Dislike: The iPad controls
On the flip side, walking around the world still doesn't feel quite as precise as I'd like it to feel. When using the directional pad—which is, admittedly, the best implementation of a directional pad I've seen on iOS—I would constantly overshoot or undershoot my target destination by at least a square or two. Touchscreen controls work when they feel like they're designed from the ground up to work for touchscreens; this directional pad feels like it's designed to replace a controller.
Like: The challenge
This is not an easy game. Goods are expensive and you'll have to make significant decisions about whether to spend your money on weapon, armor, spells, or new items. You'll find yourself in situations where good resource management is the only way to beat a dungeon or take down a tough boss. It's refreshing.
Dislike: That egregious price
$31.42. I have mixed feelings about this one.
On one hand, we're used to much cheaper games on our iOS devices.
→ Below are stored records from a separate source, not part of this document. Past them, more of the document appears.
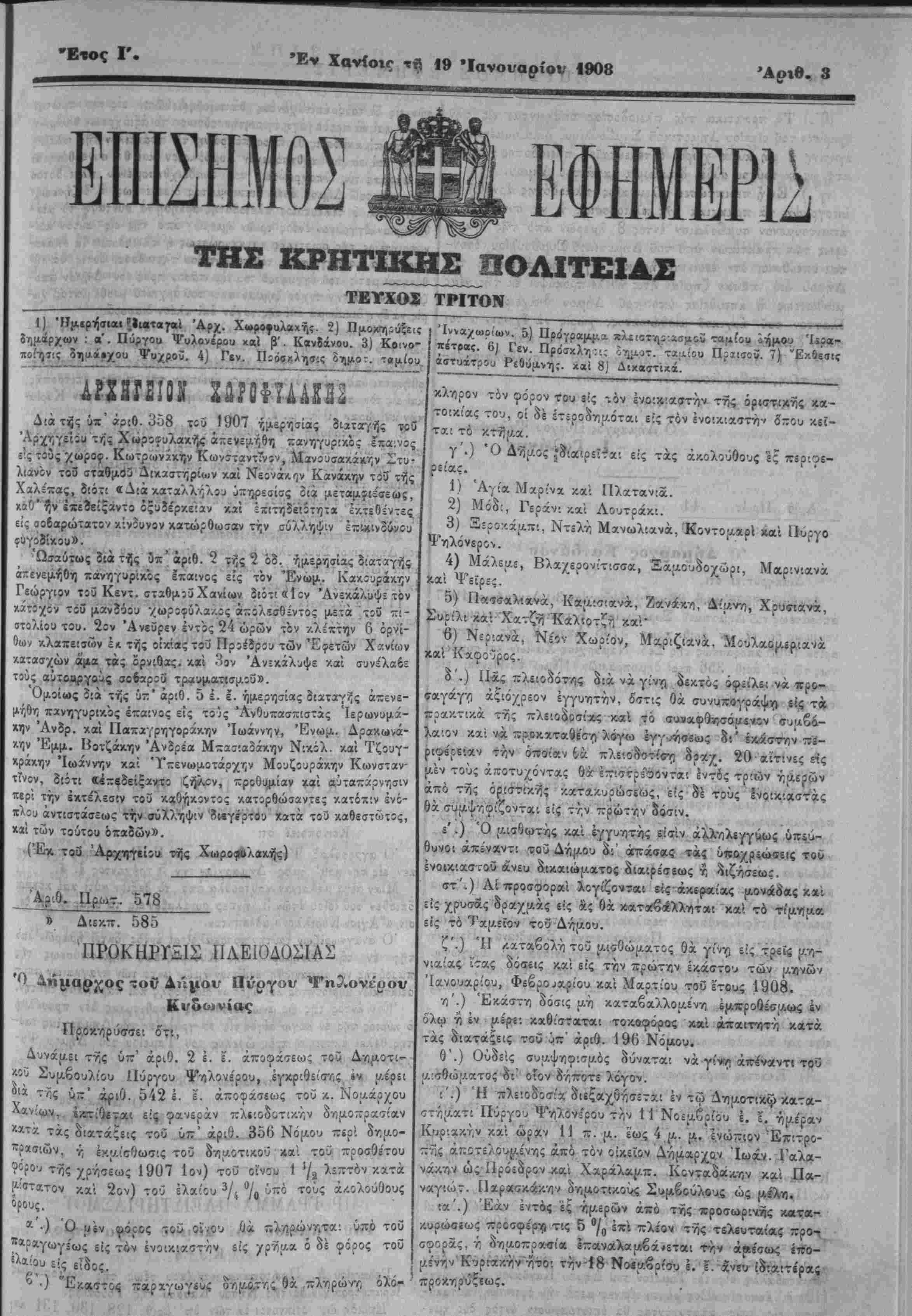 λιανον το3 σταβμο'ΰ Δικαστηρίων καί Νβονάκ<]ν Κανάκην τίϋ τής Χαλέχας, διότι «Διά κατάλληλον υπηρεσίας 3ίά μεταμφιε'σεως, χαθ' ήν ϊ«3είξαντο όξυϊε'ρκειαν καί έπ'τηδε'ΐίτηΐα εκτεθέντες εί; σοβαρώτατον κίνδυνον κατώρθωσαν την σύλληψιν επικινδύνου γ "Ωσαύτως διά τής δπ' αριθ. 2 τής 2 όδ. ημερησίας διατχγής απενεμήθη πανηγυρικϊς επα'νος είς τόν Ένωμ. Κακουδάκην Γεώργιον τοϋ Κεντ. σταθμ3ΰ Χανίων διότι «1 όν Ανεκάλυψε τόν χάτϊχον τοΰ μαν34ου "/_ωρ5φΰλα/.ος άπολϊσθίντος μετα -ου τλ- πτολίου τού. 2ον Άνεΰρεν έντός 24 ώρών τόν -/.λίκτην (ι όρνί- Οων κλ»πε:σών έ λ τής οικίας τού Πρϊέδρου των Έφετών Χανίων χατασχών ά'μα τάς ορνίθχς. κ*ί 3ον Ανεκάλυψε καί συνέλα6ε τοϋς αύτοΜργαϊις σοδαρΐίί τραυματίσμοΰ». η Έμμ. Βοτζάκην Ανδρέα Μπαΐίαδάν.ην Νικόλ, καί Τζουγ- χράκην Ιωάννην καί 'Υπενωμοτάρχην Μουζβυράκην Κωνσταν- τΤνον, διότι «".«-βδείξαν,τί ζήλ:ν, κροθυμίαν *αί αυταπάρνησιν περί την εκτέλεσιν τοΰ καθήκοντος κατορθώσαντες κατόπιν ενό- πλου άντίστάσεως την σύλληψιν 'ίιβγίρτό!) Χατά τού καθεστώτος, κ»ι των τούτου όιταδών». ί/Ε* τοΰ Άρ.χι™εί5υι -—ής Χωρο^6λαχ.ής) 'Α,ο/.Ο. Πρωτ. 578 585 ΠΡΟΚΗΡΥΞΙΣ ΙΙΛΕΙΟΔΟ^ΙΑΣ ς τοθ Δι1|,ιον Ιΐύργον χΡηλονέρον Ό Ιΐροκτίρύσσε: ότι, Δυνάμει της ύ-' αριθ. 2 έ. έ'. αποφάσεως τοδ Δημοτι- ωΰ Συμβουλίου Πύργου 1Γν.λονβ"ρου, έγ/κριθείοπος *·* με'ρίΐ ^ια -της ύπ' βφιθ. 542 έ. ε. αποφάσεως τοΰ /.. Νομάρχου Χανίω,ν, ϊ«τίθίται εις φανεράν πλΐ'.οδοτικήν δημοπρασίαν ■«τα τάς διατάξεις τοδ ύπ' αριθ. 356 Νόμου -ερί δτιμο- τρασιών, ν; έκμίίθωσις τοϋ δνιμοτικοϋ καί τοϋ ττροσθδ'του ?όρου της χρήσεως 1907 Ιον) τού οίνου 1 !/ί λεπτόν κατά (ώπατον κ"α{ 2ον) τού ελαίου 3/4 °/ο ύπό το{"; άΛθλου0ουί ορους. *'■) Ό Μβν .^όοος τοΰ οϊίου ίΐά. πλϊ)ρώνηται ^πό τοΰ ^ραγωγί'ως είς τόν ένοικιαίτ-ήν είς ^ρϋμ* ό δέ φόρος τοθ ίλ«ίου είς 61δος. δ'.) Έκαστος παραγωγεύς ^,μο>,; 8ά ττλ/,ρών/ι ολο-
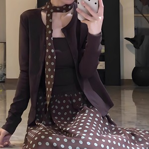 韩系穿搭一整套甜美减龄温柔吊带上衣针织开衫波点半身裙三件套女
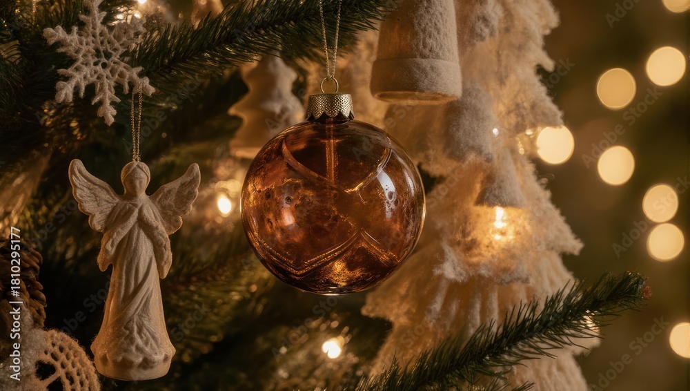 Festive Christmas tree decorations with warm lights and ornaments. #1810295177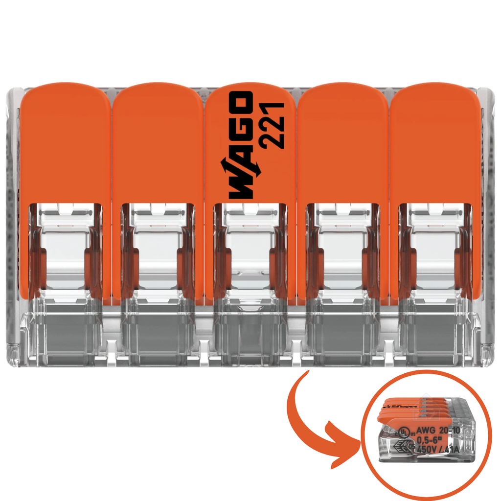 Conector Wago Compacto Emenda 5 Fios Modelo 221-615 6mm 2un

Even big, beautiful experiences like Infinity Blade and Avengers Initiative won't cost you more than $15. Dimensions is an unwelcome anomaly.
On the other hand, this is a game that could easily sell for $30-40 as a 3DS cartridge. It's long, it's deep, and it's packed full of things to do and see.
But this isn't a 3DS cartridge. This is a digital-only release. Square Enix doesn't have to pay packaging fees, or shipping fees, or retail fees other than the cut that Apple takes.
Argue all you want about how low costs lower the value of games, but I don't think developers on Steam who are making a pretty penny selling their games during the Summer or Winter Sales are arguing much at all. The fundamental truth is that digital distribution has changed the way we look at value. It's happened for movies; it's happened for music; and it's happened for games.
With less ridiculous pricing, it's realistic to think that Square Enix could be moving a whole lot more copies of Final Fantasy Dimensions. At $10, it could be an easy impulse purchase for nostalgic Final Fantasy fans. At $30, it's most assuredly not.
So is it worth the money? I can't answer that for you. I don't know what's in your wallet. But if you're a fan of old-school RPGs, if you're the type who misses the days of turn-based Super Nintendo games from the likes of Square and Enix, you'll probably have fun with this one too.